Our increasingly interconnected and dynamic world challenges managers to find new ways to understand and control change. The accelerating rate of technological, organizational, and social change means managers are faced with situations that are in many ways new, and must increasingly deal with the unexpected. Managers are not alone in facing such daunting tasks. Modern society is built upon systems of enormous complexity, from nuclear power plants to jumbo jets. A pilot, for example, must also control a system of great complexity and be prepared for the unexpected. There is, however, one significant difference between the pilot of a jet and the manager of a business. No airline would dream of sending a pilot up in the real thing before they had had extensive training in a flight simulator on the ground. The simulator allows the pilot to learn, to make mistakes, to experience the unexpected without risk to passengers or aircraft. Yet managers are expected to fly their organizations into unknown skies with their only training being management 'ground school' or experience as junior crew members.

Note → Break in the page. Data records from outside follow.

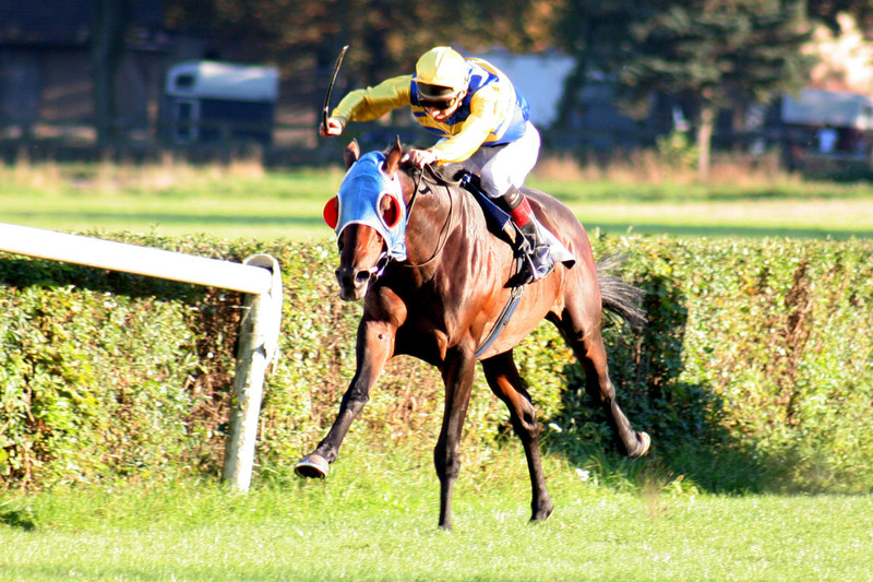 Twingo habe ich im April 2010 direkt aus dem Training gekauft. Er stand bis dahin in Bremen- Mahndorf und lief mehr oder weniger erfolgreich. Ich hatte ihn schon über Jahre bei den Rennen beobachtet und war immer fasziniert von dem harten, hübschen Pferd und als er dann zum Verkauf stand, habe ich zugeschlagen.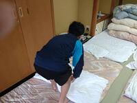 朝起きてまずやることは布団の片づけです。みんなテキパキと取り組んでいました。
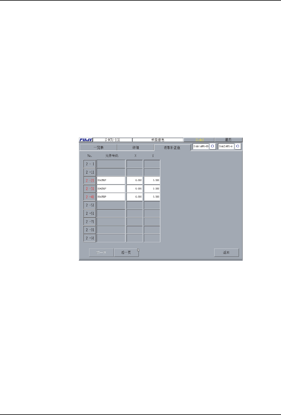 [ 料盘信息 ] 画面的吸取补正值,如下所示。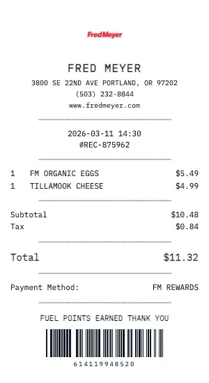 Building a price comparison database? Generate standardized Fred Meyer receipts to track and compare product prices across stores, dates, and promotions.

This management flight simulator is based on the manual version of The Beer Distribution Game. In the manual game, teams of participants manage each level of the distribution chain. Their are four levels in the system - Retailer, Wholesaler, Distributor, and Factory. Each week, the players at each level receive shipments of beer from their suppliers, fill as much of their customers' orders as possible from their inventory, and place new orders for beer with their supplier. Their goal is to keep company costs as low as possible while meeting customer demand.

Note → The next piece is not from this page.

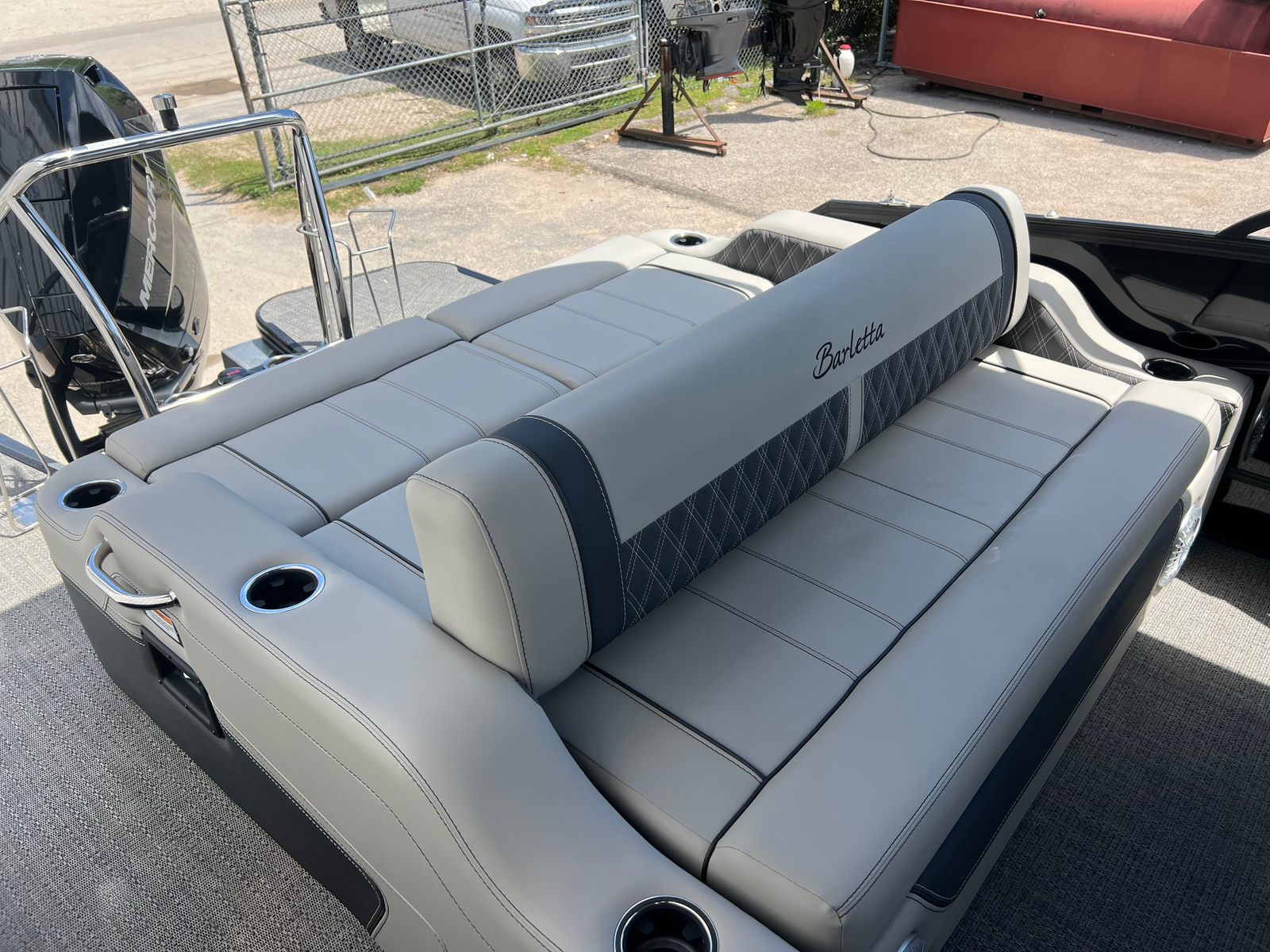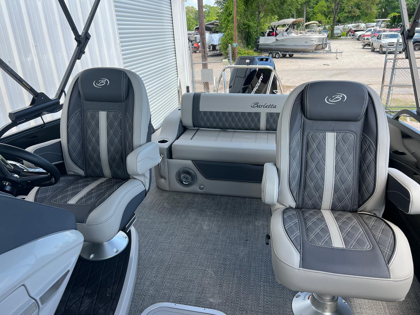 The 2025 Barletta Lusso L25UC is more than just a pontoon boat for sale – it is an invitation to experience the best that boating has to offer. With its powerful Mercury V10 Verado engine, luxurious Marquesan Gray furniture with Charcoal Accent, Amore Gray flooring, Black Diamond exterior, adjustable captain’s chair, helm windshield, double bimini system, Metal Jacket Protectant, and Yeti-ready cupholders, this Barletta boat for sale is designed to impress at every turn.If you are ready to elevate your time on the water and create lasting memories with family and friends, the Barletta Lusso L25UC is the perfect choice. Discover the ultimate in comfort, performance, and style – contact your local dealer today to learn more about this exceptional pontoon and make it yours.

The Beer Distribution Game Management Flight Simulator gives you the opportunity to 'fly' a company yourself. The simulator functions just as an aircraft simulator does. You will take command of a firm and pilot it from start up to success. Each simulated time period you will make operational decisions and receive feedback from your past decisions. You may be surprised by side effects and delayed consequences of your own decisions. But there is no winning or losing. The purpose of the simulator is to give you insight into the behavior of a distribution system and to illustrate the difficulties of developing a robust strategy for managing even a very simple system. More fundamentally, the flight simulator is a laboratory in which you can systematically explore the consequences of various strategies without risking the fortunes of the real enterprise.

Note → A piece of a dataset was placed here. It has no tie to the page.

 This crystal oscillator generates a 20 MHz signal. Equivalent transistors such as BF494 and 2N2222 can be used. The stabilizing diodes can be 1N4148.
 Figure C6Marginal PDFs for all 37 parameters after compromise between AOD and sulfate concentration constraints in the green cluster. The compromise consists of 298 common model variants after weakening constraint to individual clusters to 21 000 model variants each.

The Beer Distribution Game is not about and does not promote beer or drinking. It is about the dynamics of supply chains and teaches principles for effective management. The beer distribution system is chosen only as a representative instance among a wide variety of products and systems to which the lessons of this simulator are applicable. Hardware Requirements: The Beer Distribution Game Management Flight Simulator runs on the Macintosh family of personal computers, from the Mac Classic up, including Powerbooks. It is System 7 and 7.5 compatible. It requires only 800K bytes of RAM, and runs in color on color machines. The simulator includes a User's Guide and Instructor's Manual.